The tight-lipped statement didn’t mention Vladimir Putin’s war in Ukraine. But that’s hardly surprising. For much of Europe, the outcome of the war is existential: all eyes are currently on China to see if it will back Putin. Just days before Russia’s invasion, Xi Jinping and Putin announced that the friendship between their two nations had “no limits” and “no forbidden areas of cooperation”. Yet in the weeks since, Xi has been distracted: he has far more pressing issues to worry about than war in far-off Ukraine.
While bombs rain down on Mariupol, Covid remains the main story in China. Much of the rest of world has opened up, including India, but China and Japan remain major outliers. This week, the mega-city of Shanghai, with a population nearly half that of the UK, is being locked down; first, its futuristic eastern zone of skyscrapers and towers, and next week, its western half defined by its British-style art deco waterfront, the Bund.

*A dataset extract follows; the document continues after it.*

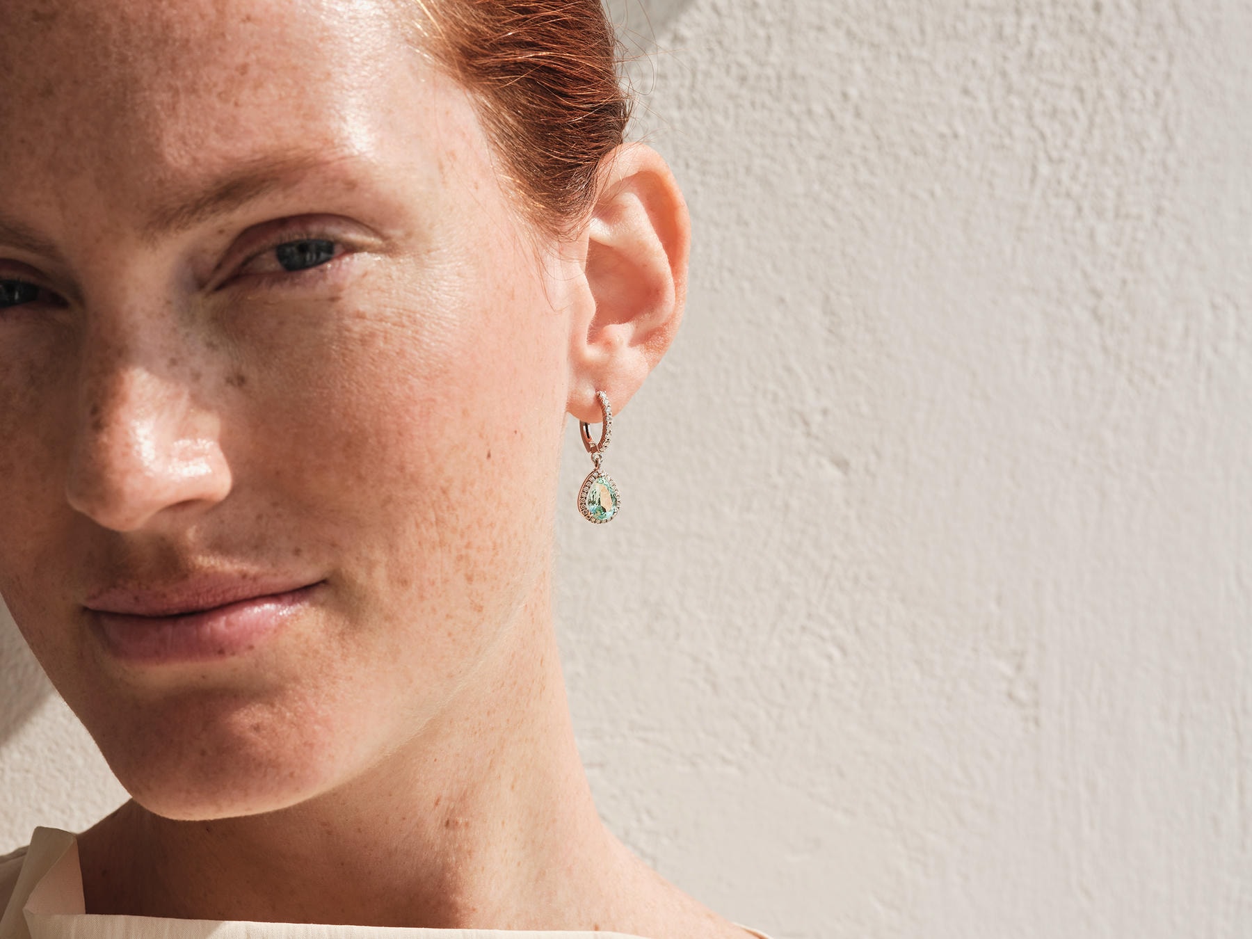 The silhouette is deliberately restrained: classical lines, precise proportions, an easy drop. The diamonds elevate rather than overwhelm, lending radiance that amplifies the stone’s natural glow.

Stories of commuters emptying shelves in supermarkets fill the headlines, just as in Britain in spring 2020. Hong Kong’s politics is no longer dominated by the struggle for democracy. Instead, public anger, still more freely expressed than in the mainland, has attacked Chief Executive Carrie Lam for a policy that has seen the city isolated from the world and the Chinese mainland for weeks, but still ravaged by growing deaths, particularly among the unvaccinated and elderly.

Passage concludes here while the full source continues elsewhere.